I would argue that the implicit counterfactual — that if only climate philanthropy had made the right investments, or if climate advocates had built the right movement, they could have persuaded the American political system to sign a treaty committing the US to pay its fair share of climate damages — was always poorly rooted.It misunderstands the powers of movements. We need one, but not to implement austerity.

Movements can inspire people to mobilize against those who oppress them. Their power is not in convert those oppressors into supporting a cause that is not in their self- interest. Business owners have never accepted workers’ right to organize. White southerners were outvoted, not persuaded by Martin Luther King.

But climate advocates are lucky. They no longer need to sell sacrifice — they can honestly offer opportunity.

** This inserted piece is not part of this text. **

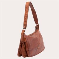 Le sac Boston de Biba, en cuir de vache lavé et tanné végétalement, offre un format hobo compact avec une anse, une bandoulière amovible, une fermeture zippée et un intérieur fonctionnel. Dimension : 26 x 17 x 11 cm.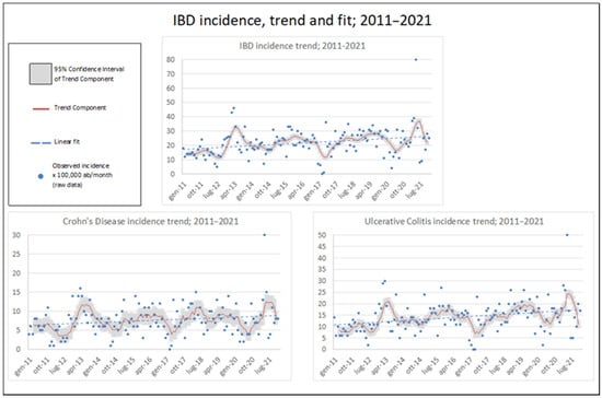 Figure 2. IBD monthly incidence (×100,000 ppl) with trend component (with 95% Confidence Interval) and linear fit; 2011–2021.

For while the world after 1997 failed to make the needed investments in global sacrifice, it did make down-payments in alternatives to fossil fuels — wind, solar, LED’s, electric vehicles hyper-efficient building designs — — some driven by concerns over climate, some over repulsion at ongoing pollution, some by the specter of peak oil and geopolitical transfers of wealth, some just by economics and profit.

These down-payments paid off handsomely.

When conventional electricity costs consumers $0.15, and generating it with wind and solar less than $0.05, we are no longer talking about shared sacrifice. When the lifetime costs of electric vehicles are rapidly falling below internal combustion engines, it’s no longer about who pays the bill.

Since the Paris Agreement it has become starkly evidence that climate progress is going to be a blessing — not a burden — climate apart. We can provide people energy that is cheaper, cleaner, more reliable and climate friendly, in place of expensive and dirty coal and oil. We can deliver, profitably, dramatic improvements in public health, slashing death rates from pollution. We can reduce the price of the fossil fuels we do use, and increase energy security. Those are salable propositions — even in a divided democracy.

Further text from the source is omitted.